### Task goal:
Retype the material that follows exactly, limited to the lines from the one with "illustration, ink drawing, fashion" through the one with "If the mother", and keep out all pictures.

── Data to process ──

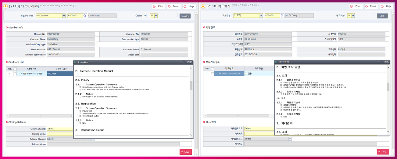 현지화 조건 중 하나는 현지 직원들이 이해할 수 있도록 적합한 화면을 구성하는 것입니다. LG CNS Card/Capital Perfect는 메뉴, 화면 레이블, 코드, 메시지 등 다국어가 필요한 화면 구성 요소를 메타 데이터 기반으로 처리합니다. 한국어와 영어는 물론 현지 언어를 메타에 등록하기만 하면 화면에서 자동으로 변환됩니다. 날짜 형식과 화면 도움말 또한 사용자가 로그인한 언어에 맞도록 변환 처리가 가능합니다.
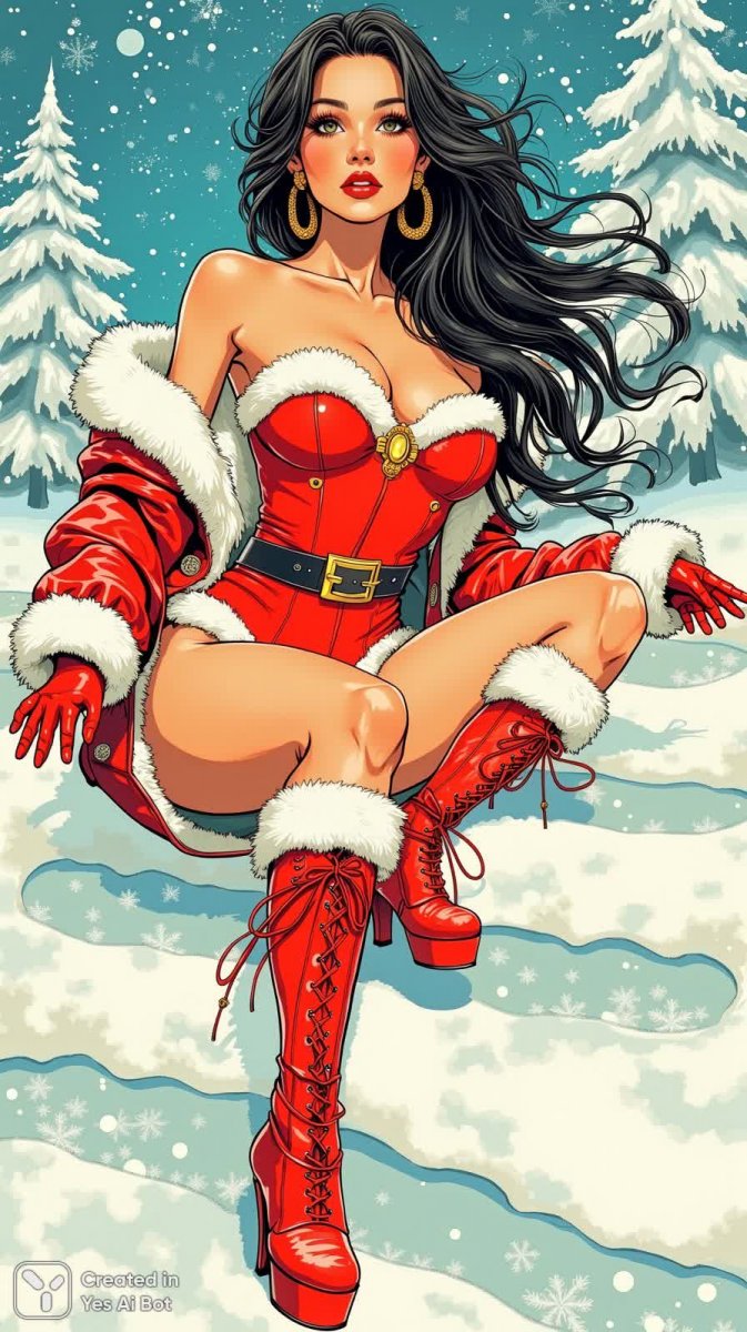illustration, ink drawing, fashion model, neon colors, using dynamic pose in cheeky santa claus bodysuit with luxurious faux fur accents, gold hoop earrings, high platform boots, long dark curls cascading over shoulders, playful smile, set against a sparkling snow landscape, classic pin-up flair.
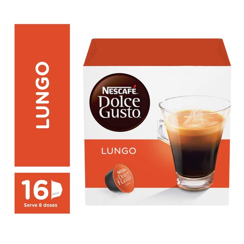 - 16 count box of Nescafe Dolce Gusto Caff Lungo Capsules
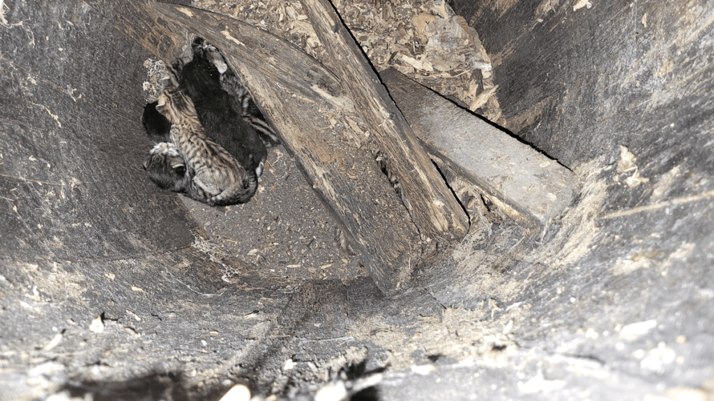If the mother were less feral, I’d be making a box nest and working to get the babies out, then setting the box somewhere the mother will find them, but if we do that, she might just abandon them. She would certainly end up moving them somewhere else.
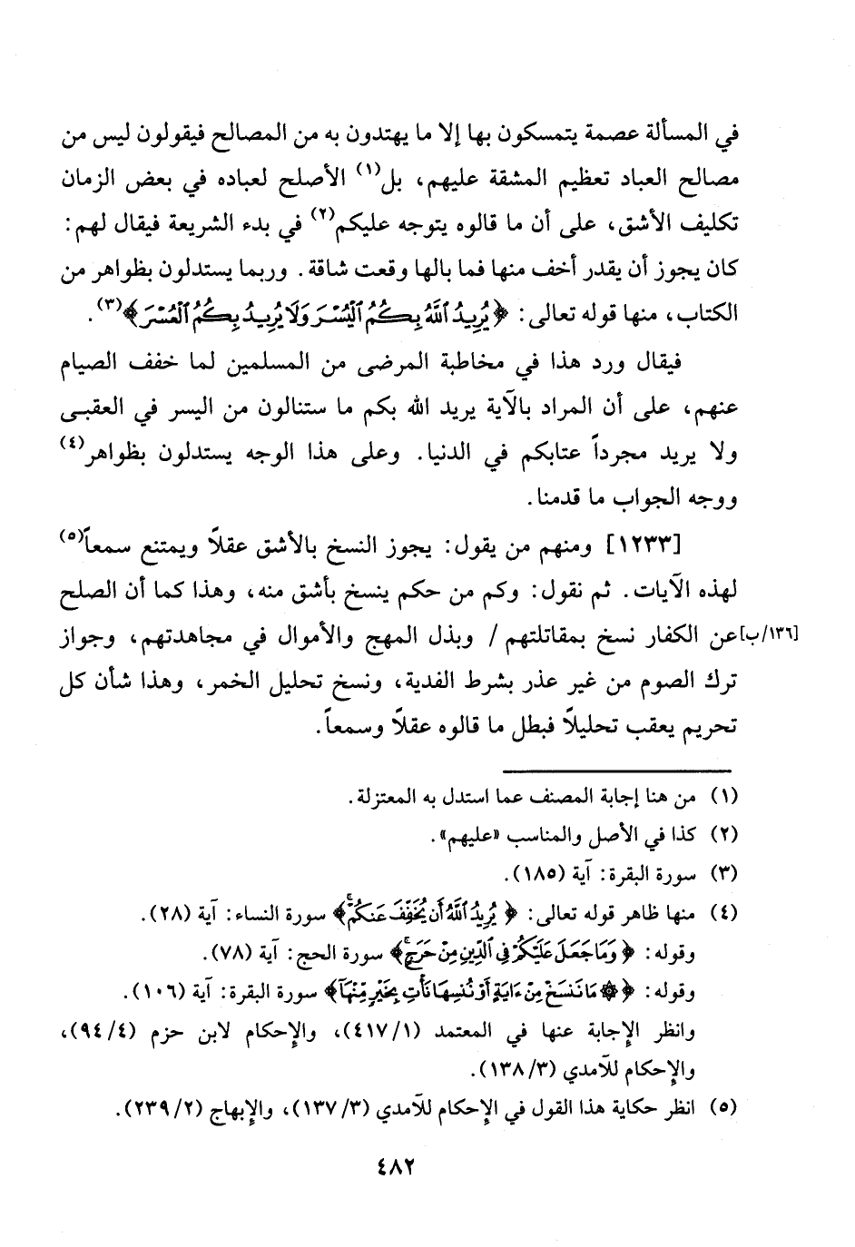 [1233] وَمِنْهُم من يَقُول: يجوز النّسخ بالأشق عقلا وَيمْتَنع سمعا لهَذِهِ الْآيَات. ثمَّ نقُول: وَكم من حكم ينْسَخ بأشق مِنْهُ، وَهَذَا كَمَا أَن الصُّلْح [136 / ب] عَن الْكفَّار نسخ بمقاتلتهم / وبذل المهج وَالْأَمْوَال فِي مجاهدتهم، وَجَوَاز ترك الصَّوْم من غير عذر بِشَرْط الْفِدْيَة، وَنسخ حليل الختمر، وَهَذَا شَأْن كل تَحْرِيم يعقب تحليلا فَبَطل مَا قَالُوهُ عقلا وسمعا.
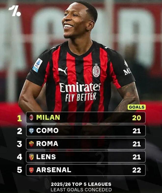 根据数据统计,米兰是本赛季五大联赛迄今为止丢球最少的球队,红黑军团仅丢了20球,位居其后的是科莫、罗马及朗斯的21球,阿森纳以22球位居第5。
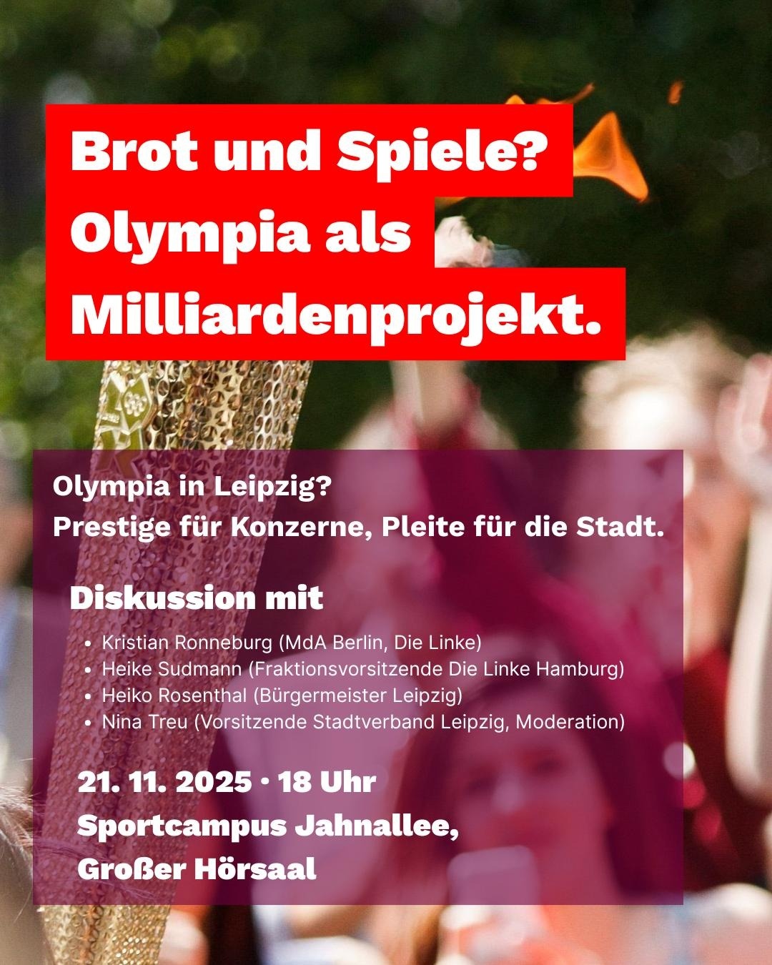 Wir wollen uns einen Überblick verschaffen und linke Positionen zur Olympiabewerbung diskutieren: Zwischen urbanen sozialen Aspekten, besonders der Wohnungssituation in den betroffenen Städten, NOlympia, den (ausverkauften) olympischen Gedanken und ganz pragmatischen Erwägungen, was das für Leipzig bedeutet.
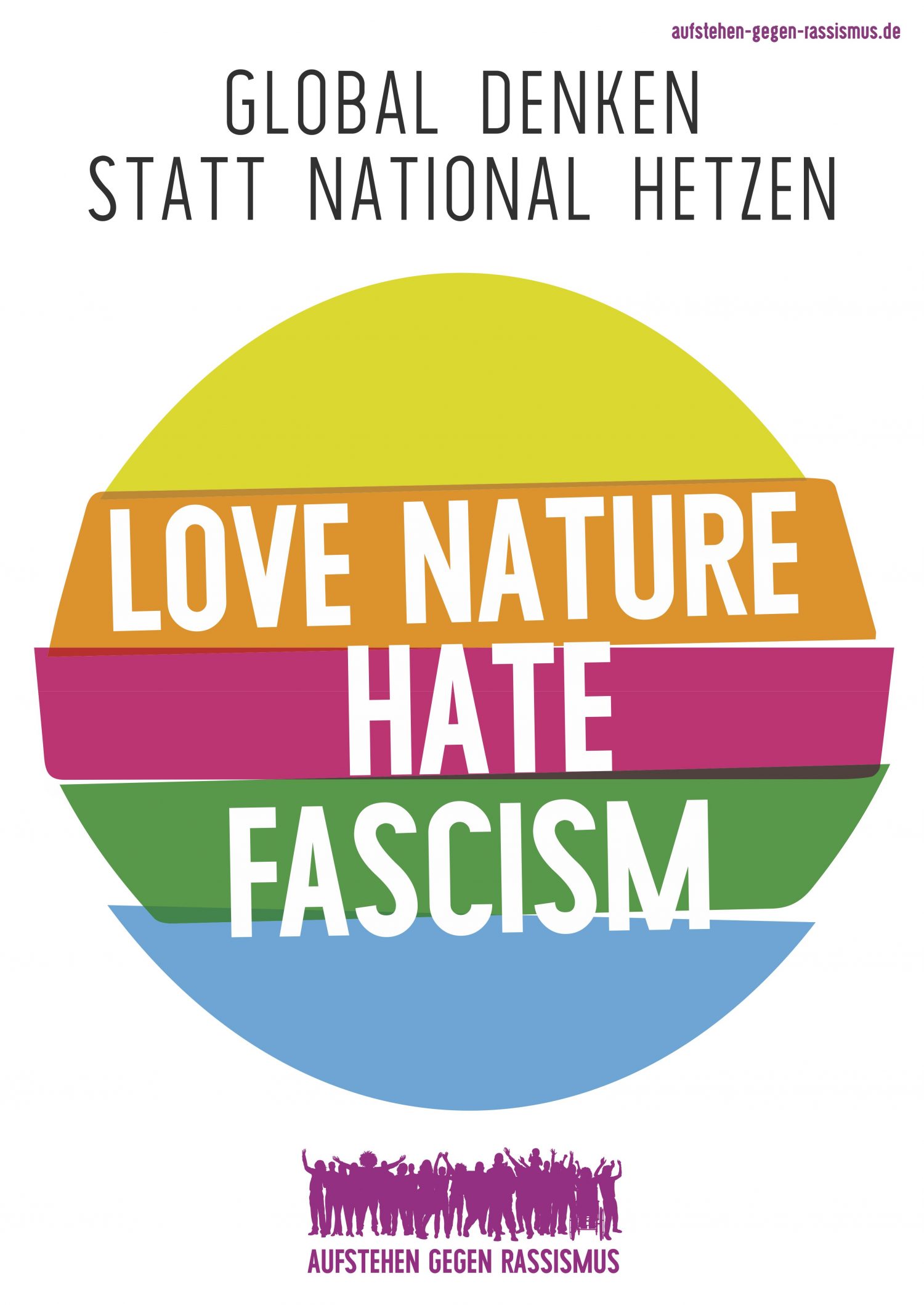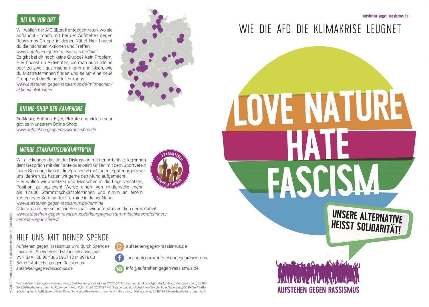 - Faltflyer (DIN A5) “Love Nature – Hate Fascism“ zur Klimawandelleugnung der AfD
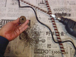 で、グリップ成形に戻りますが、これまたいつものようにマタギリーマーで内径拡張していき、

───

### Your solution:
illustration, ink drawing, fashion model, neon colors, using dynamic pose in cheeky santa claus bodysuit with luxurious faux fur accents, gold hoop earrings, high platform boots, long dark curls cascading over shoulders, playful smile, set against a sparkling snow landscape, classic pin-up flair.
 - 16 count box of Nescafe Dolce Gusto Caff Lungo Capsules
If the mother were less feral, I’d be making a box nest and working to get the babies out, then setting the box somewhere the mother will find them, but if we do that, she might just abandon them. She would certainly end up moving them somewhere else.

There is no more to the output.